Marietta firm among targets of copyright war
By Art Kramer
STAFF WRITER, Atlanta Journal Constitution
- A trade association's efforts to halt software piracy has targeted a small
Marietta Internet service provider.
- Intergate will begin monitoring its 170 subscribers' online communications
and Web sites for infringements of software copyrights in the wake of an
investigation by the Software Publishers Association.
- Intergate, the first Georgia target of the trade group's nationwide
anti-piracy campaign, agreed to an SPA audit after the trade association
alleged that a subscriber's Web page was helping hackers steal copyrighted
software.
- Company president Jeffrey McGough said he disagreed with the group's
demands, but had little choice in complying.
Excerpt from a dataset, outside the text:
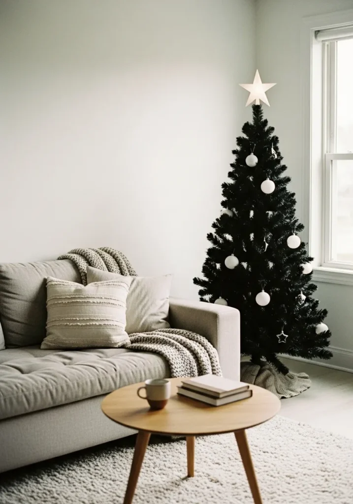 Minimal Comfort with a Black Christmas Tree

- "I'm an easy target. The legal issues take more time and money than I
could ever spend," he said Monday.
- But McGough rejected SPA demands that he identify the subscriber, who calls
herself "Tapu."
- McGough took her Web site, "The Strange World of Tapu," off
Intergate's computers, but copies of it have appeared elsewhere on the World
Wide Web. It's a directory that points "hackers and crackers" to
areas where they can find serial numbers, secret codes and computer programs
used to defeat copyright protections built into software.
- "It's ridiculous that the SPA would apply the copyright law this
way," McGough said. "The knowledge is not illegal, the use of it
is."
- Legal experts say the SPA campaign is based on a doctrine not fully tested
in court -- especially as it applies to the Internet.
- "Copyright law is not very clear on this," said Jeff Kuester, an
Atlanta trademark, copyright and patent attorney.
- The SPA has contacted more than 25 Internet service providers as part of
its campaign, and all have cooperated with the group, according to SPA
litigation coordinator Joshua Bauchner.
- The SPA e-mailed McGough last week, suggesting he agree to an SPA audit and
mentioning its ongoing litigation program.
- A spokeswoman for Atlanta-based Mindspring, one of the largest national
providers, said Mindspring cooperates with appropriate legal authorities,
"but could not agree to an audit that made us responsible for monitoring
what our users put on their personal Web pages."